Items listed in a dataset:
▽

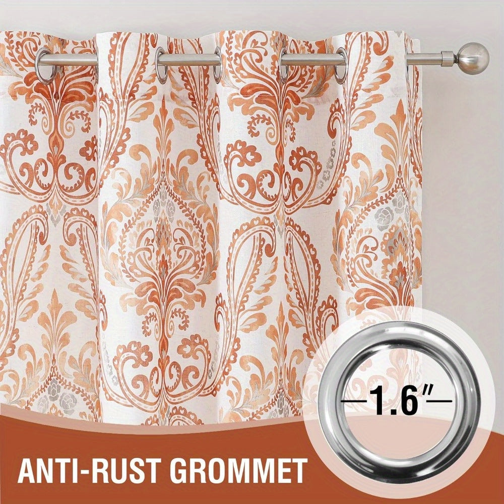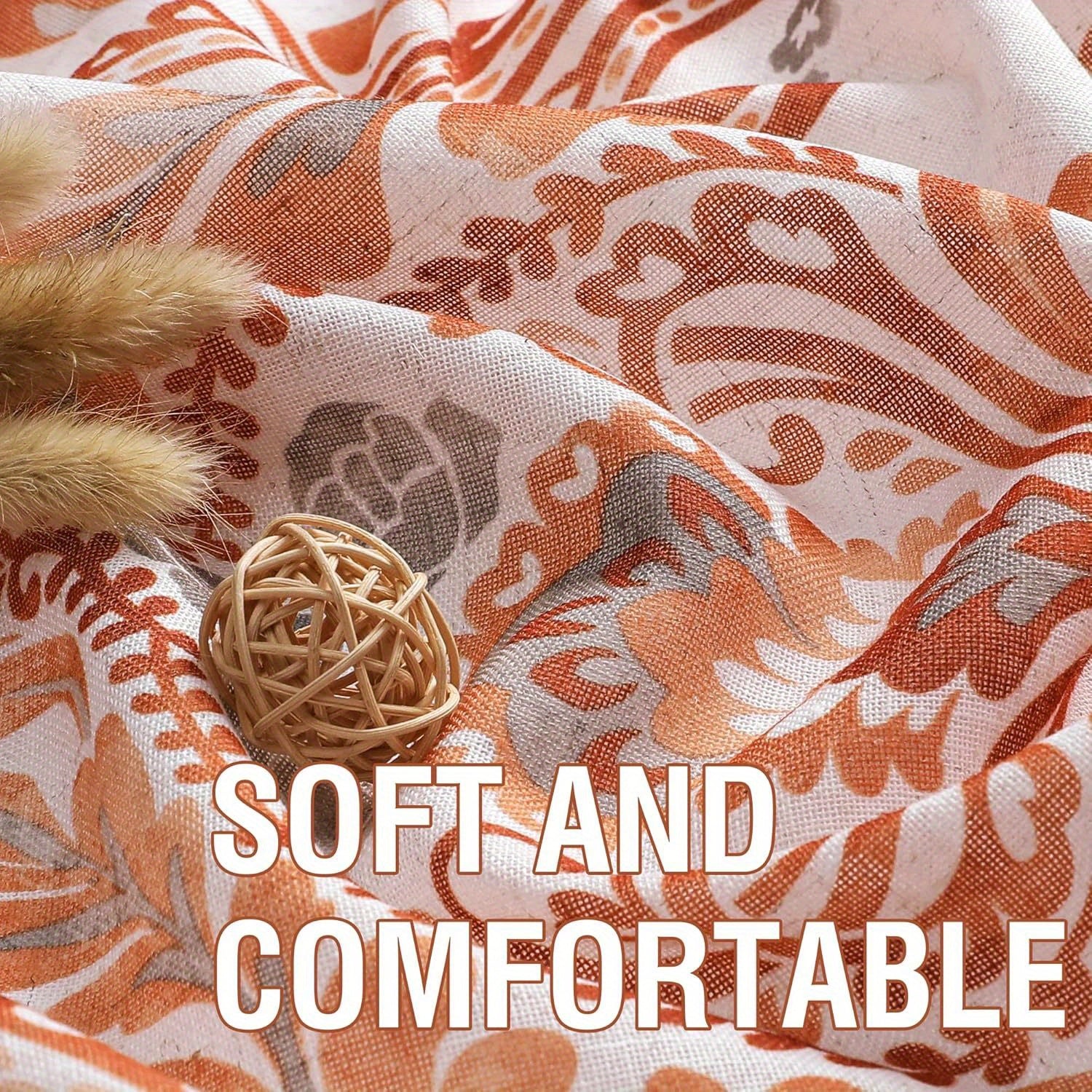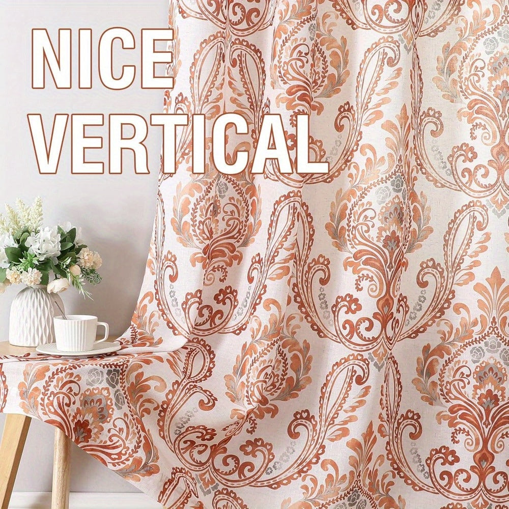 2 Panels PrinceDeco Linen Curtains 84 Inch Length for Living Room Natural Linen Blended Framhouse Curtains & Drapes for Sliding Glass Door, Terry Red, Floral Pattern
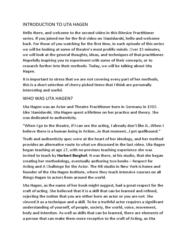 Uta Hagen Acting Techniques Guide PDF Experience Senses
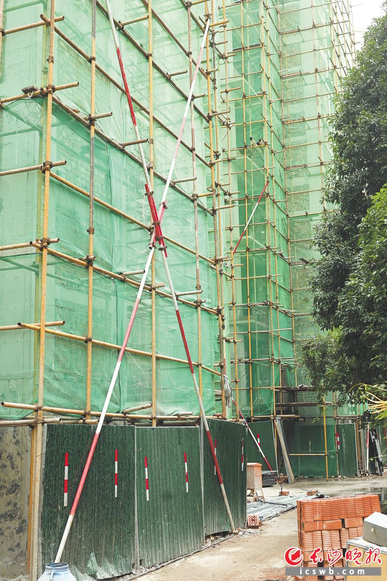 记者在现场看到,一楼电梯口堆积着不少建筑材料,周边搭建着脚手架和绿色围挡,未见到有工人施工。 长沙晚报全媒体记者 罗悦 摄
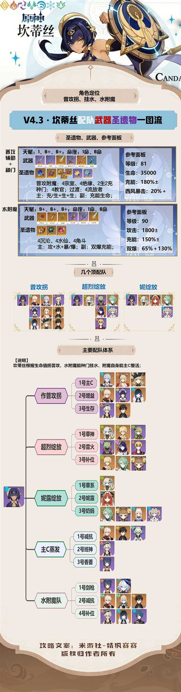 《原神》4.3上半的卡池中还有四星的坎蒂丝,这是一名水属性的角色,可以辅助,可以附魔挂水。下面请看由“婧枫赛赛”带来的《原神》4.3坎蒂丝出装配队培养一图流,一起来看看吧。
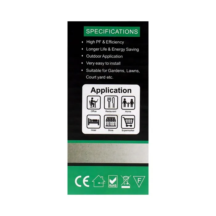 Светильник излучает тёплый белый свет с цветовой температурой 3000К, создавая мягкое и приятное освещение, которое идеально подходит для использования на верандах, в садах или у входных дверей. Его пластиковый корпус чёрного цвета добавляет интерьеру современности и элегантности.
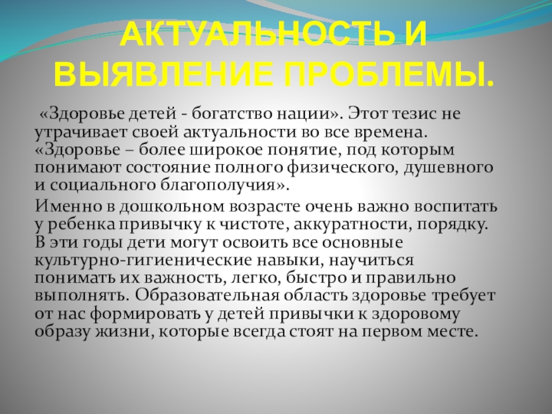 Именно в дошкольном возрасте очень важно воспитать у ребенка привычку к чистоте, аккуратности, порядку. В эти годы дети могут освоить все основные культурно-гигиенические навыки, научиться понимать их важность, легко, быстро и правильно выполнять. Образовательная область здоровье требует от нас формировать у детей привычки к здоровому образу жизни, которые всегда стоят на первом месте.
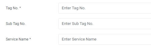 Input Tag No, Sub Tag No and Service Name. Tag No and Service Name are compulsory fields and will be used to idenitfy the equipment in M-DB.
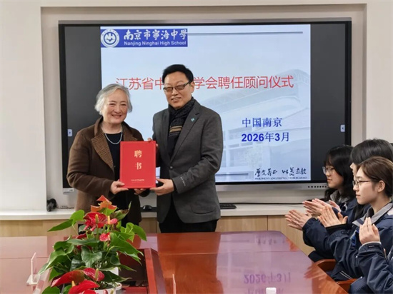 3月23日,江苏省中国画学会顾问聘任仪式在江苏省中国画学会宁海中学美育平台举行。江苏省中国画学会创会会长高云为纽约华美协进社原副社长、中国美术馆原馆长海蔚蓝女士颁发学会顾问聘书。中国画学会副秘书长、江苏省中国画学会会长翟优,南京市宁海中学党委书记徒香福、校长刘宏业、副校长余萍、艺术教育处主任朱云等以及师生代表齐聚一堂,共同见证这一学术活动。

△

■ **DIRECTIONS**: Leave the pictures out, and restate exactly the lines from the start of the records through the one that contains "Именно в дошкольном".

■ **RESPONSE AREA**:
 2 Panels PrinceDeco Linen Curtains 84 Inch Length for Living Room Natural Linen Blended Framhouse Curtains & Drapes for Sliding Glass Door, Terry Red, Floral Pattern
 Uta Hagen Acting Techniques Guide PDF Experience Senses
 记者在现场看到,一楼电梯口堆积着不少建筑材料,周边搭建着脚手架和绿色围挡,未见到有工人施工。 长沙晚报全媒体记者 罗悦 摄
 《原神》4.3上半的卡池中还有四星的坎蒂丝,这是一名水属性的角色,可以辅助,可以附魔挂水。下面请看由“婧枫赛赛”带来的《原神》4.3坎蒂丝出装配队培养一图流,一起来看看吧。
 Светильник излучает тёплый белый свет с цветовой температурой 3000К, создавая мягкое и приятное освещение, которое идеально подходит для использования на верандах, в садах или у входных дверей. Его пластиковый корпус чёрного цвета добавляет интерьеру современности и элегантности.
 Именно в дошкольном возрасте очень важно воспитать у ребенка привычку к чистоте, аккуратности, порядку. В эти годы дети могут освоить все основные культурно-гигиенические навыки, научиться понимать их важность, легко, быстро и правильно выполнять. Образовательная область здоровье требует от нас формировать у детей привычки к здоровому образу жизни, которые всегда стоят на первом месте.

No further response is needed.